Day v. Klaw

112 N.Y.S. 1072
CourtAppellate Terms of the Supreme Court of New York
DecidedNovember 24, 1908
StatusPublished
Cited by1 cases

This text of 112 N.Y.S. 1072 (Day v. Klaw) is published on Counsel Stack Legal Research, covering Appellate Terms of the Supreme Court of New York primary law. Counsel Stack provides free access to over 12 million legal documents including statutes, case law, regulations, and constitutions.

Bluebook
Day v. Klaw, 112 N.Y.S. 1072 (N.Y. Ct. App. 1908).

Opinions

MacLEAN, J.

"This agreement made between Klaw & Erlanger party of the first part and George W. Day parties of the second part [reciting the instrument signed by the parties herein] witnesseth: The said parties of the second part hereby agreé to render their services to the party of the first part at the Klaw & Erlanger Theatre for a term of twenty-five consecutive weeks * * * for the sum of one hundred and fifty (150) dollars per week.” All of five further stipulations state agreements or concessions by the plaintiff-the party of the second part. Therefrom it is claimed in this action for compensation for 2 weeks of the 25 in which 2 weeks the plaintiff did not actually play that “the entire document discloses no obligation on the part of the defendants.” Literally as printed it looked something that way. But the parties interpolated a clause over their signature and put their own interpretation on their engagements. The clause interpolated was:

“It is understood that during this engagement the cost of any railroad fare from one town to another shall not exceed the sum of five dollars for each person. It is also understood that if the party of the second part plays west of Chicago during this engagement, the fares from Chicago and back to Chicago are to be paid by the party of the first part.”

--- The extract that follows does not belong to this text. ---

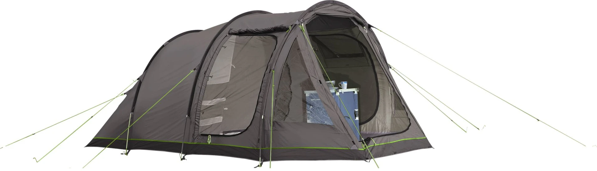 Das Berger Campo 4 Tunnelzelt bietet durchdachte Funktionen für Campingfreunde und Familien. Drei doppelte Eingänge mit Moskitogaze-Türen lassen sich als Sonnendach ausstellen und sorgen für eine flexible Nutzung. Die gegenüberliegenden Seiteneingänge sind mit zusätzlichen, verschließbaren Lüftungsfenstern ausgestattet und gewährleisten eine optimale Belüftung.

Construing their relations according to their understanding, and not after the agreement drawn for them by a vaudeville agent, the plaintiff, a play actor, never opened at the Klaw & Erlanger Theatre and his employers never asked him to. They assumed to direct him and to [1073]*1073utilize his services elsewhere, beginning at Brooklyn, and thence across and around the country, in all which the plaintiff acquiesced,' playing a week at a time in cities from Boston to El Paso and Denver for 35 weeks, excepting one week between two cities in Massachusetts, and another week between appearances in Texas and Colorado. These are the two weeks for which the defendants did not pay, and to avoid paying for which they are in litigation. Although he did not actually play in these weeks, there is no question but that the actor was under the orders of the managers. It came out incidentally that their itinerary, as ordered, requiring an engagement at Denver to follow one at El Paso laid out the opening for one week, commonly beginning on Sunday or Monday. Just why the week was laid out in Massachusetts does not appear, but, as the plaintiff was under defendants’ control, the presumption arises that his recess was at their instance. The judgment should be affirmed, with costs.

Judgment affirmed, with costs to the respondent.

GILDERSLEEVE, P. J., concurs.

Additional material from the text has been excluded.